> Sorry for being dense, but I thought one of the main reason for nixos's existence is reproducibilty. I thought they have these kinds of things solved already.
Nixos has the advantage that everything is built in its own sandbox with only its explicitly declared (and hashed) dependencies available, unlike in mainstream distros where it's the full system environment, so in many cases you already get the same binary every time. But this doesn't immediately lead to reproducibility because the build process might be nondeterministic for various packages.
Not sure what you mean by that, the Nix packages that are reproducible have reproducible binaries.
In the Nixos world there isn't really a concept of a "binary/installation package" like in Debian or elsewhere. Everything can be rebuilt from source on any machine, but because everything is hashed, if the official binary caches have already built something with the same inputs, they can just give you the outputs directly. So it's more like memoization than a .deb or something that you install.
Nix is a functional language that builds recipes (derivations) to build stuff, with all the inputs and outputs hashed.
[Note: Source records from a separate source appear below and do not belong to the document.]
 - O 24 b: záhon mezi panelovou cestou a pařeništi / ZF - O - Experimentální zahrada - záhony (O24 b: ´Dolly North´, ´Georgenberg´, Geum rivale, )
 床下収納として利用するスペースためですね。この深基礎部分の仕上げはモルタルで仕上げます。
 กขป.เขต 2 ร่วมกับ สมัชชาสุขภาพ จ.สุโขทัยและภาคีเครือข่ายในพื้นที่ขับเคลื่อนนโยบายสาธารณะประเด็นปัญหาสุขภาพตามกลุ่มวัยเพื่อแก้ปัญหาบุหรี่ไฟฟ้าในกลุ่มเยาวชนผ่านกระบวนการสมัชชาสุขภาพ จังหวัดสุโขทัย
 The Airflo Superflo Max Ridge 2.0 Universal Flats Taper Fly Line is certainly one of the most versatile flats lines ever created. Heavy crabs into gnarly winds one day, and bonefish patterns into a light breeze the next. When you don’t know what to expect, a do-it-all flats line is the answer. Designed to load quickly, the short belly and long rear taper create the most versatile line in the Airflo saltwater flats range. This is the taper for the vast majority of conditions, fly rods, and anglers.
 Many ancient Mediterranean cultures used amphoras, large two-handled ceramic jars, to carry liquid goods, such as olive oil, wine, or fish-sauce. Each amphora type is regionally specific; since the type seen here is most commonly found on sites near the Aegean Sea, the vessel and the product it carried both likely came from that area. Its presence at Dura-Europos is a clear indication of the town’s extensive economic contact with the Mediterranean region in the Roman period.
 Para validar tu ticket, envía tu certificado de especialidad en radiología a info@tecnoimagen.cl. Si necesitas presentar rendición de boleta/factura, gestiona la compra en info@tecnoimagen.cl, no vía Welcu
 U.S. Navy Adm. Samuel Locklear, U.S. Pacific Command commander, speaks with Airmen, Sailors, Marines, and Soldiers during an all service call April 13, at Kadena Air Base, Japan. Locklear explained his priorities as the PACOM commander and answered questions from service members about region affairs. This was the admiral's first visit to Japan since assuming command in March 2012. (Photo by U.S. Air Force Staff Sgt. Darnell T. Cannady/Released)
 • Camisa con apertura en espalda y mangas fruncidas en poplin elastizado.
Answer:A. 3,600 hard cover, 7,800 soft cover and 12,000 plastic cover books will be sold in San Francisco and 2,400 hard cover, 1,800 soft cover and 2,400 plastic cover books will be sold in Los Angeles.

If the derivation you want to build has already been built by a cache you trust, the system will just fetch it instead of building locally.
What the Nix reproducability project checks is that the same derivation produces the same output regardless of what machine it's built on.
> In the Nixos world there isn't really a concept of a "binary/installation package" like in Debian or elsewhere. Everything can be rebuilt from source on any machine
Thats not actually the case. A derivation is just an abstract concept that combines a hash with a "thing". Here is an example [1] of a pre-compiled mono binary that gets downloaded and installed (after patching paths).
> unlike in mainstream distros where it's the full system environment
Usually packages are built in an environment which has only a minimal base system plus the package's explicitly dependencies. They don't have random unnecessary packages installed.
Nixos has the advantage that everything is built in its own sandbox with only its explicitly declared (and hashed) dependencies available, unlike in mainstream distros where it's the full system environment, so in many cases you already get the same binary every time. But this doesn't immediately lead to reproducibility because the build process might be nondeterministic for various packages.